| Homeless High School Dropout Aims to be Doctor |
Homeless High School Dropout Aims to be Doctor
Anti-social, rebel biker Ignacio Calles first rode onto the University of St. Thomas campus in 2012 sporting long hair and wearing his then-preferred torn jeans and boots. The young man who stormed out of an abusive home at the age of 14, choosing to drop out of school and live as a teenage runaway for three years, had defied life’s odds through sheer will and a remarkable, natural intelligence.
Calles still gets around on his “beautiful, black” Honda CBR600. And he still wears his trademark leather jacket, but these days, underneath, is one of the “super bright-colored” neckties, which he will sport beneath his graduation gown in May.
Calles joins 298 undergraduates and 739 graduates at the University’s 64th Commencement Ceremony at Reliant Stadium on May 17.
With a 4.0 and bound for medical school in the fall, the 24-year old achiever recalls what he has overcome so far.
“When I turned 18, I moved in with some relatives,” Calles said. “Then I walked up and down every street downtown putting in applications. Jason’s Deli hired me as a delivery driver for minimum wage. It was a decent income for a dropout who had a place to live rent free.”
Eager and willing to work hard, he got up at 3:30 a.m. to catch the 4:30 a.m. bus and be at work by 6 a.m.
“I would work until they closed to make as much as possible,” Calles remembered.
Saving like a fiend, he bought a car after six months, enabling him to take a second job at Walmart. Along the way, he got an apartment, earned his GED, then added enrollment at Houston Community College to his busy schedule.
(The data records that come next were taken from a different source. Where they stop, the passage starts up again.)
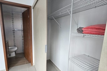 Alquilo comodo apartamento de 1 hab mas estudio con linea blanca!! a estrenar!!!! 1 habitación con su baño y closet estudio pequeño balcon sala/comedor/cocina medio baño 1 parqueo posee aires, nevera , estufa, lavadora secadora. gym salon multiuso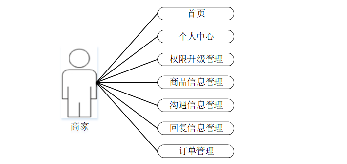 商家关键功能包含对首页,个人中心,权限升级管理,商品信息管理,沟通信息管理,回复信息管理,订单管理等进行详细操作。商家用例如下:
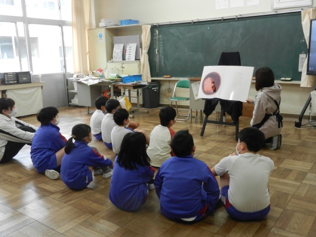 今日は、「三反田おはなしの会」の皆さんが来てくださり、朝の会の前に各クラスで読み聞かせをしてくれました。3年1組では、いつもとは違う大きな本で、子どもたちから驚きや喜びの声が上がっていました。『もりのかくれんぼう』は、森に隠れた動物たちを探す楽しさがあり、子どもたちは本を夢中で見つめていました。子どもたちは、月2回の「三反田おはなしの会」の読み聞かせを楽しみにしています。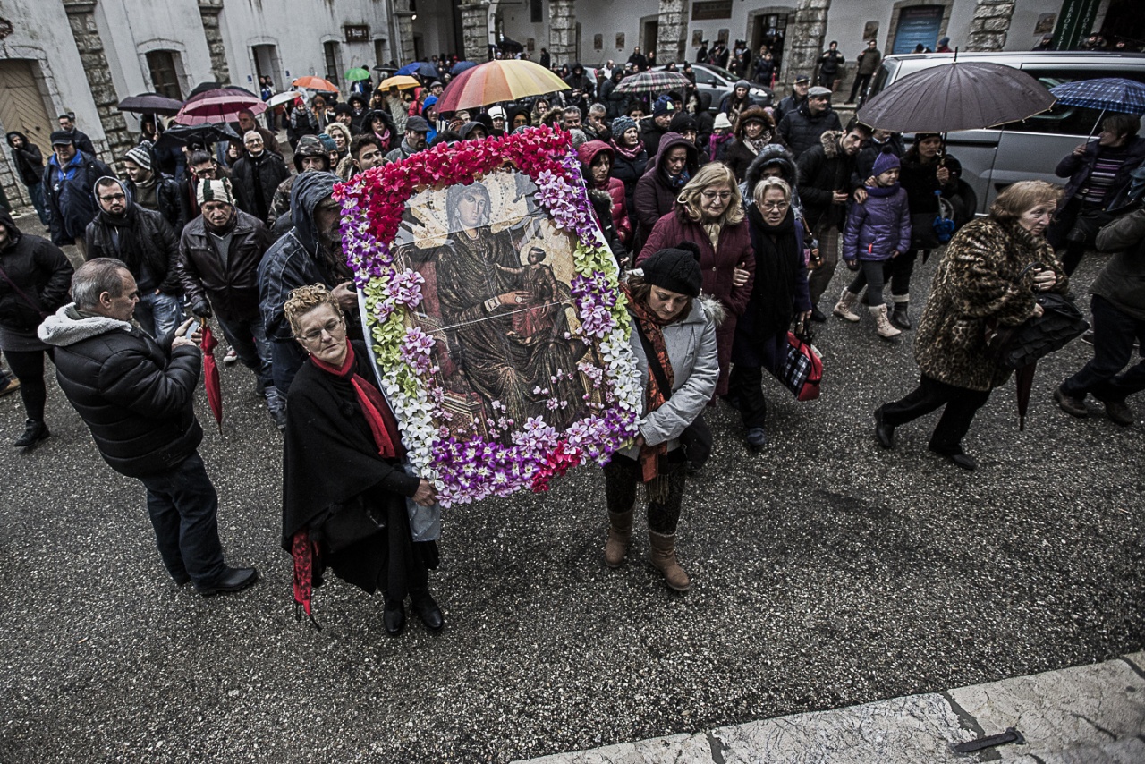 La storia però andò diversamente. Quando la Madonna posò, infatti, il suo sguardo sui due innamorati, fu talmente commossa dal loro amore che decise di accorrere il loro soccorso. Fu così che la Vergine Schiavona liberò entrambi colpendo con dei raggi di sole la lastra di ghiaccio che li teneva entrambi prigionieri. Da allora gay, lesbiche e transessuali rendono omaggio alla Vergine insieme a tanti altri pellegrini cantando e danzando per ore al suono delle tammorre.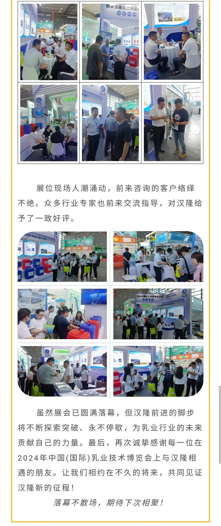 漢隆公司參加中國(guó)乳制品工業(yè)協(xié)會(huì)第三十次年會(huì)暨2024年中國(guó)(國(guó)際)乳業(yè)技術(shù)博覽會(huì)圓滿收官!

The eyes-on-the-prize student said, “My rule was that I would do my homework as I got it and would not sleep before it was done. It paid off.”
As hard as he worked, Calles is quick to acknowledge the role that luck played. A friend he met at his restaurant job was hired at T-Mobile and helped pave the way to a better-paying position for Calles.
“It changed my life because I could go to school in the morning instead of at night, and it was a lot less tiring,” Calles said. “A lot of lucky things happened to me.”
Medical school is his target—and he has three to choose from: Baylor College of Medicine, New York University and Washington University. Slackers don’t get in. When the straight A student received his first B, he quit working in order to focus on studies.
“I lived off of my savings,” Calles explained. “I had planned for that.”
What he could not plan for was the academic experience he would have at UST, including valuable relationships with professors.
“They are accessible and I can talk to them about anything whenever I want,” he said.
Grateful for everything in his life, including the generous financial aid he received from UST, Calles said he is a different person after studying at St. Thomas.
“UST is like a family,” Calles said. “Everyone was so welcoming and good to me. Honestly, I’ve become a nicer person here because of how friendly the environment is. You would not even recognize me as the same person.”